Met dit amendement wordt een eerste stap gezet om het punttarief voor de sociaal advocaten
te verhogen conform het advies van de commissie Van der Meer. In 2018 was 46,7 mln.
euro meer geraamd dan uiteindelijk is gerealiseerd, doordat o.a. minder toevoegingen
zijn afgegeven. De Minister voor Rechtsbescherming heeft steeds gezegd dat er pas
een redelijke vergoeding aan rechtsbijstandsverleners betaald kan worden zodra het
aantal zaken terug is gebracht, om binnen het budget te blijven. De indieners van
dit amendement zijn dan ook van mening dat het geld dat nu niet is uitgegeven doordat
er minder toevoegingen zijn afgegeven, direct geïnvesteerd moet worden in een hogere
vergoeding voor sociaal advocaten.
Met dit amendement wordt bewerkstelligd dat voor het restant van 2019 € 46,7 mln.
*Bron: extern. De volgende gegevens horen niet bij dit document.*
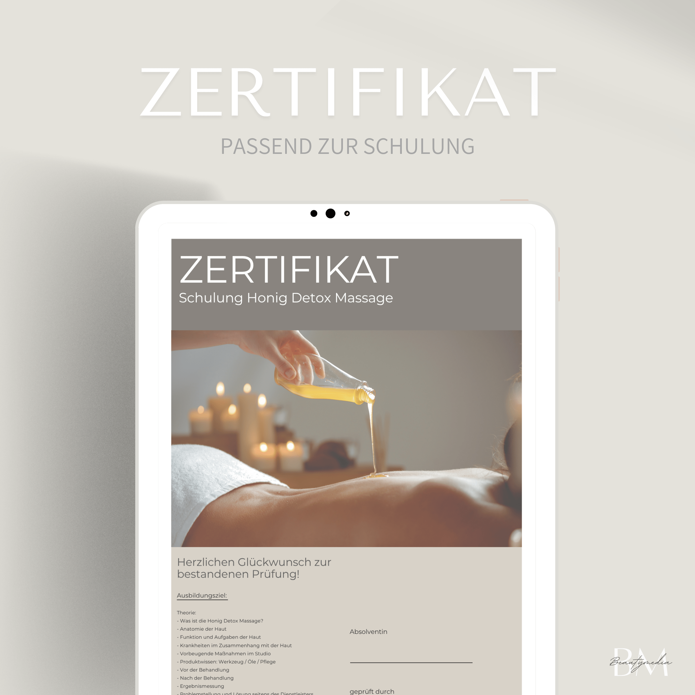 Laden Sie jetzt Ihr Zertifikat für Honig Detox Massage herunter und runden Sie Ihre Schulung mit einem professionellen Abschlussdokument ab. Entdecken Sie auch weitere passende Vorlagen in unserem Beautymedia Onlineshop.

extra vrij wordt gemaakt voor artikel 32 Rechtspleging en Rechtsbijstand, specifiek
voor de vergoedingen van sociaal advocaten.
De dekking van dit amendement wordt gevonden door aanwending van de middelen die reeds
afkomstig zijn van de JenV begroting uit de onderuitputting en inzet exploitatieoverschot
op artikel 92 Nog onverdeeld.
Verder is er ieder jaar bij de realisatie van de begroting sprake van «onderuitputting»,
dat betekent dat het budget niet geheel wordt besteed. Om daar op voorhand rekening
mee te houden is de begroting van JenV verlaagd door middel van een budgetkorting
(antwoorden 124 en 125 van de feitelijke vragen). Met ingang van 2018 wordt op voorhand
rekening gehouden met deze twee ontwikkelingen.1 Voor 2019 resteert nog een in te vullen bedrag van € 53,1 mln. Voor de jaren 2020
tot en met 2023 gaat het zelfs om een bedrag van € 96 mln. dat nog moet worden ingevuld.
De indieners zijn van mening dat in het vervolg eventuele onderuitputting als eerste
geïnvesteerd moet worden in vergoedingen voor sociaal advocaten.